Saturday, February 27, 2010

The supply of savings in an Islamic finance is free from the influence of external intervention such as the interest rate. If this is true, how this will motivate people to put their money in Islamic bank deposits?

The reason for the prohibition of riba (interest or usury) is because it is unjust to the borrower. However, in some case, it might also unjust to the lender and the lenders to the banks are the depositors. Banks collect the saving of all small savers and give loans to the entrepreneurs who required capital for business. 
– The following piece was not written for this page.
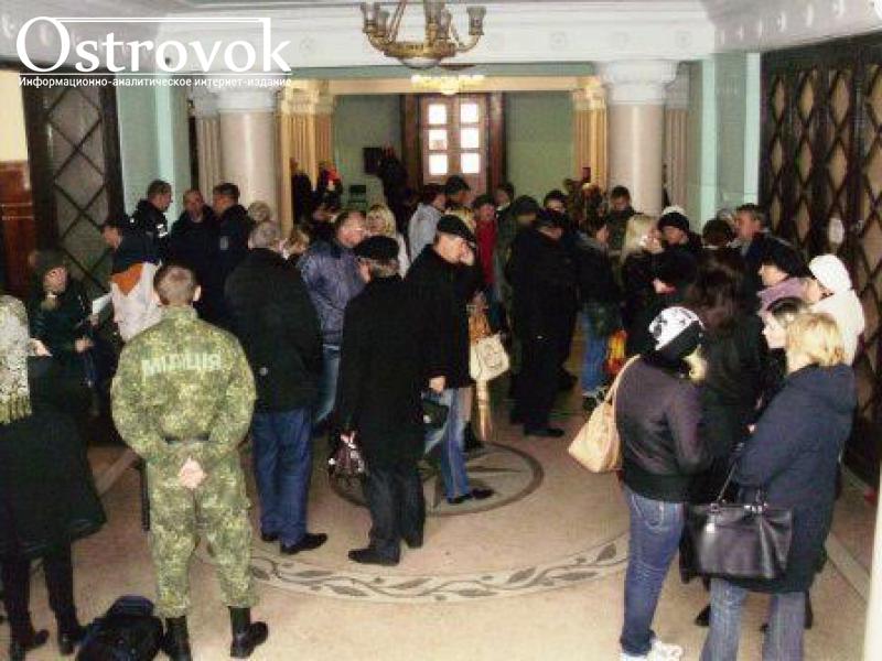 В фойе помещения ЛГИК было людно - все ждали своей очереди. По наблюдению журналиста сам процесс получения бюллетеней был отлажен, но требовал времени на соблюдение документально-юридических формальностей.

In hyper-inflationary economy, the borrowers might be charged interests up to 15% or more which may not even compensate the rate of inflation. Based on this rate of interest and minus the administrative expenses of the banks and their own margin, they pass this on as the different between the borrowing rate and the lending rate. In many countries, banks are legally prohibited from paying a rate of interest higher than the one specified by law (e.g. United States, the Regulation ‘Q’ places ceiling on the interest rate to be paid by banks to the depositors). Therefore, a contract which is based on interest cannot adjust itself (and banks are only allowed to pay rate of return or interest up the specified limit). Therefore, the rate of return cannot adjust to the rate of inflation and lenders are, at a disadvantage. In addition, when the rate of inflation is high, the real rate of return can becomes negative.
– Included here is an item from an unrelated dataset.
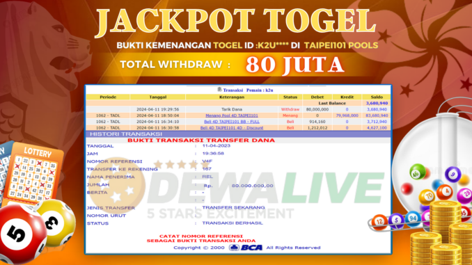 DEWALIVE JACKPOT TOGEL DI TAIPEI101 POOLS Rp 80.000.000,- LUNAS

This implies that saving depositors under Islamic banking would be receiving the nominal amount of the deposit regardless of inflation. As mentioned above, in an inflationary situation, the value of the savings deposit may be eroded in a short period of time if there is no corresponding compensation in the form of a return on the deposit. However, from the point of view of Islamic banking proponents, the answer to the above problem lies with the depositor, not with the Islamic bank. In Islam, risk-taking is commended and if the depositor is interested in getting any return, he should take the risk and put his money in investment deposit accounts. If the depositor is interested in a return, there is no guarantee of the protection of the deposit since earning a return could only be achieved by putting the deposit at risk on a Profit and Loss Sharing (PLS) basis. Investment depositors place their funds in investment accounts and are supposed to share in the profit and loss of the investment operations of the bank under the doctrine of mudarabah (profit sharing). Under the arrangement, the bank will use the deposits for investment purposes. The profit will be shared between the bank and the customers. At the same time, the investment account holders bear part of the losses if the project fails. 
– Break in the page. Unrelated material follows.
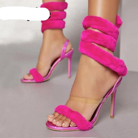 Outdoor Rhinestone Pointed Thick Heel High Heel Sandals

With PLS, since prices increase and the rate of return of the project also increases along with the rate of inflation, the real rate of return does not end in a loss. The real rate of return is positive. The banks also interested to maximise their profit and will share in an equitable manner with the depositors. There will be, in a small number of cases, whereby a few enterprises which end in a loss, but by and large in a growing economy, the rate of return is positive, and enterprises will normally achieve, a positive real rate of return. In some cases, the banks which practice mudarabah is able to give return up to 15% or more. This is definitely higher compare to average of 3.5% - 4.0% rate of return from conventional fixed deposits.